What you are asked to do:
All of the lines below need to be copied exactly, apart from the pictures.

Records contained in a dataset:

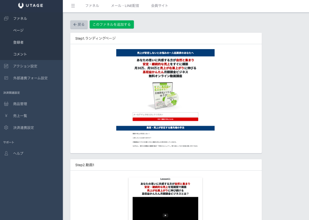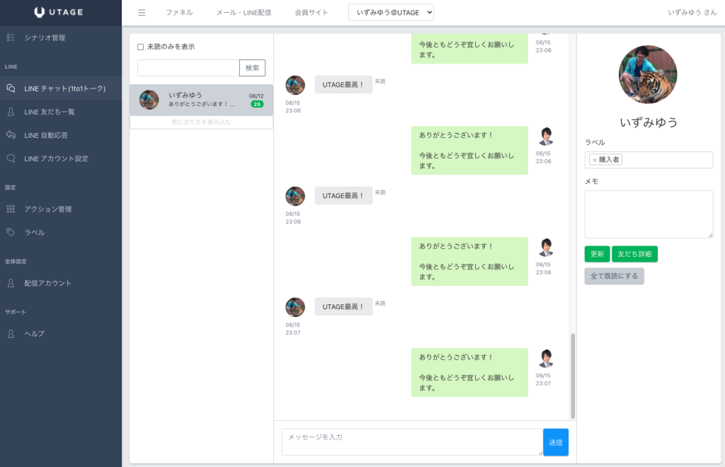 メール機能と同様に一斉配信、ステップ配信、リマインド配信ができ、LINEを通じた販売や購入後のフォローアップの自動化をすることができます。
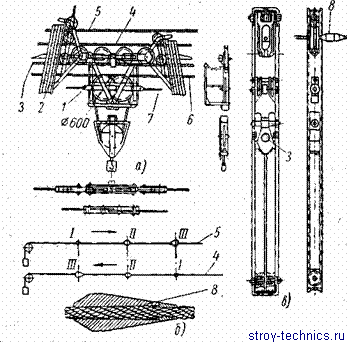 Рис. 5. Грузовая тележка и кулачковая поддержка кабельного крана:
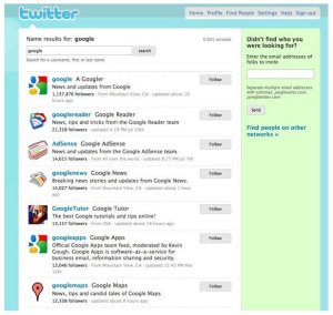 Mal no lo tiene que estar haciendo Twitter cuando la propia Google se ha apuntado al carro y han creado hasta 46 perfiles en Twitter, para compartir información, comentarios, charlar, etc… en la Red con todos aquellos fans del buscador por excelencia.
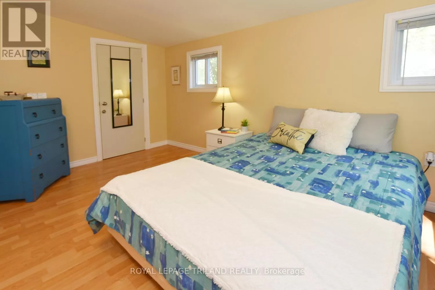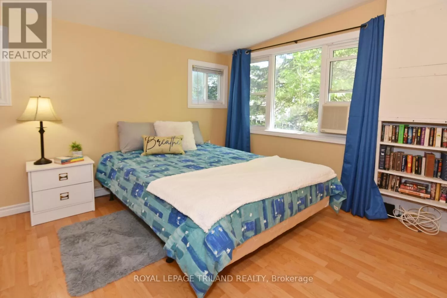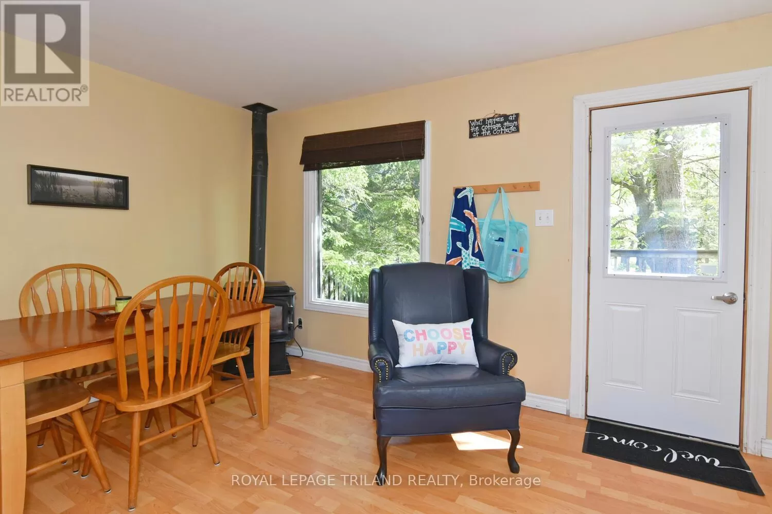 Herbert St. & Katharine St. Cozy 2 bedroom cottage in Port Franks. Open-concept kitchen, dining and living area with a gas fireplace. White wooden cabinets in the kitchen. Laminate & linoleum floors throughout. Lots of windows allow an abundance of natural light. Bright primary bedroom with large window and walk-in closet. Decent sized 2nd bedroom with window and closet. Bathroom with shower. Front deck surrounded by large trees is great for entertaining. Shed out back. Deed for docking included. Close to river, walking trails, marinas, golf, restaurants and the beach! (id:27476)
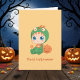 Bébé adorable habillé d'un costume de dragon vert avec des pointes orange et un bib orange assorti au crâne. Un citrouille incurvé se trouve juste un peu derrière. Texte personnalisable.
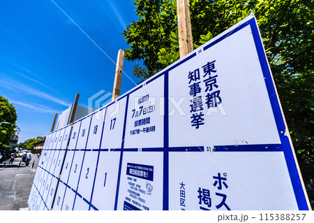 日本の東京都市景観 多摩川駅(東口)前の東京都知事選挙。選挙ポスター掲示場・2024年7月7日投票日
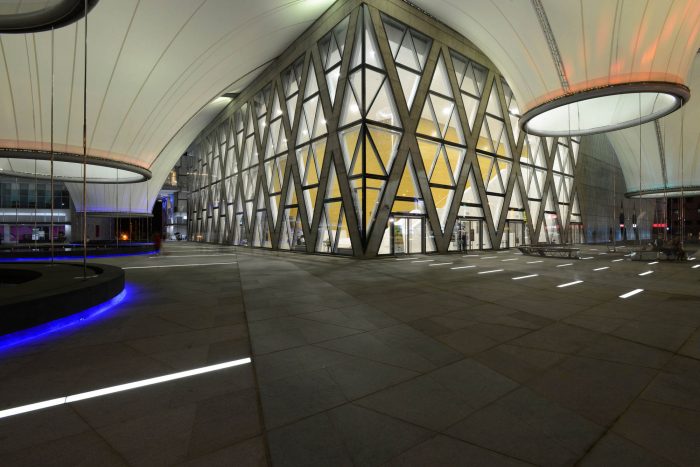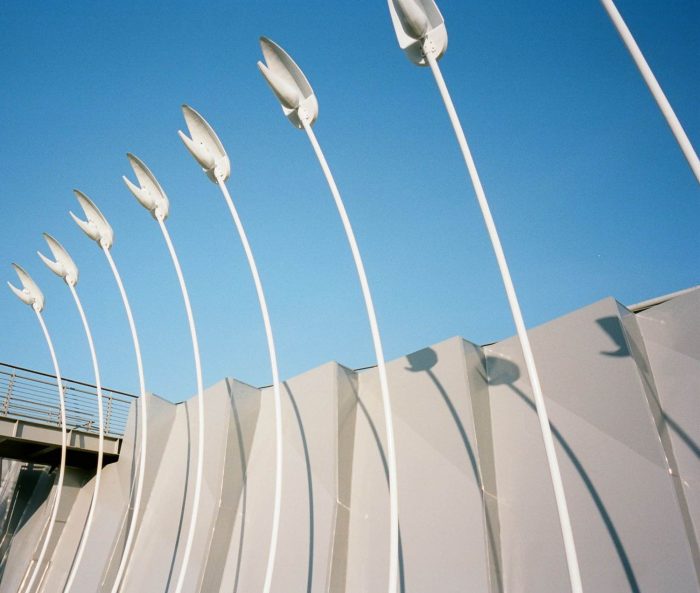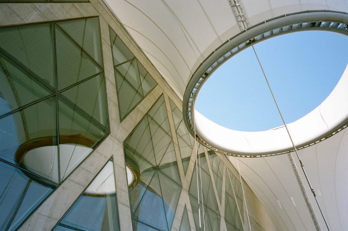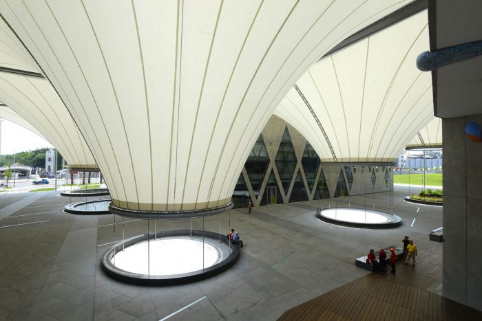 舞蹈、太极拳和各种游戏等活动对公共空间的密集使用是台湾城市户外使用的特点。薄膜屋顶为广泛的活动创造了一个遮阳条件。屋顶的形状可以防止极端的气候条件,如台风、定期的强降雨和夏季高温。屋顶上的宽孔将水引导到内部泉眼。温暖的空气上升到屋顶顶部的开口处,产生新鲜的内部气流。
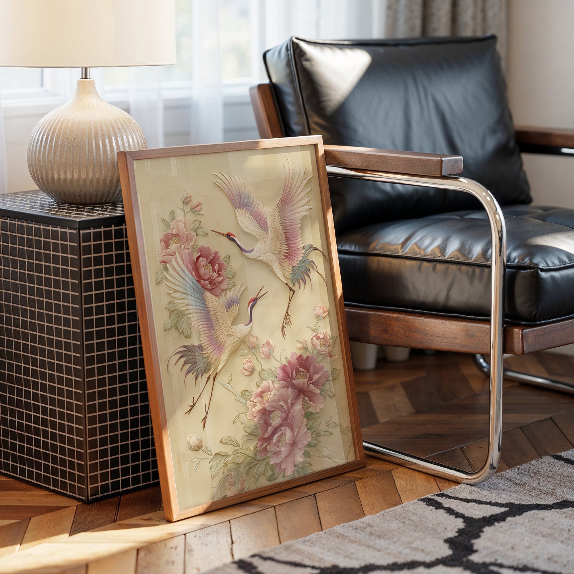 Delicate brushstrokes capture the dance of two elegant cranes, their wings spread in ethereal movement against a soft cream backdrop. The composition flows with feminine energy, as dusty pink peonies unfurl their petals beneath the graceful birds, creating a harmonious balance of movement and stillness. The traditional Asian-inspired artwork speaks of spring mornings and eternal beauty, rendered in gentle pastels and confident lines. This piece would bring serene elegance to a reading nook, bedroom, or meditation space where its calming energy can be fully appreciated.

Your response:
 メール機能と同様に一斉配信、ステップ配信、リマインド配信ができ、LINEを通じた販売や購入後のフォローアップの自動化をすることができます。
 Рис. 5. Грузовая тележка и кулачковая поддержка кабельного крана:
 Mal no lo tiene que estar haciendo Twitter cuando la propia Google se ha apuntado al carro y han creado hasta 46 perfiles en Twitter, para compartir información, comentarios, charlar, etc… en la Red con todos aquellos fans del buscador por excelencia.
 Herbert St. & Katharine St. Cozy 2 bedroom cottage in Port Franks. Open-concept kitchen, dining and living area with a gas fireplace. White wooden cabinets in the kitchen. Laminate & linoleum floors throughout. Lots of windows allow an abundance of natural light. Bright primary bedroom with large window and walk-in closet. Decent sized 2nd bedroom with window and closet. Bathroom with shower. Front deck surrounded by large trees is great for entertaining. Shed out back. Deed for docking included. Close to river, walking trails, marinas, golf, restaurants and the beach! (id:27476)
 Bébé adorable habillé d'un costume de dragon vert avec des pointes orange et un bib orange assorti au crâne. Un citrouille incurvé se trouve juste un peu derrière. Texte personnalisable.
 日本の東京都市景観 多摩川駅(東口)前の東京都知事選挙。選挙ポスター掲示場・2024年7月7日投票日
 舞蹈、太极拳和各种游戏等活动对公共空间的密集使用是台湾城市户外使用的特点。薄膜屋顶为广泛的活动创造了一个遮阳条件。屋顶的形状可以防止极端的气候条件,如台风、定期的强降雨和夏季高温。屋顶上的宽孔将水引导到内部泉眼。温暖的空气上升到屋顶顶部的开口处,产生新鲜的内部气流。
 Delicate brushstrokes capture the dance of two elegant cranes, their wings spread in ethereal movement against a soft cream backdrop. The composition flows with feminine energy, as dusty pink peonies unfurl their petals beneath the graceful birds, creating a harmonious balance of movement and stillness. The traditional Asian-inspired artwork speaks of spring mornings and eternal beauty, rendered in gentle pastels and confident lines. This piece would bring serene elegance to a reading nook, bedroom, or meditation space where its calming energy can be fully appreciated.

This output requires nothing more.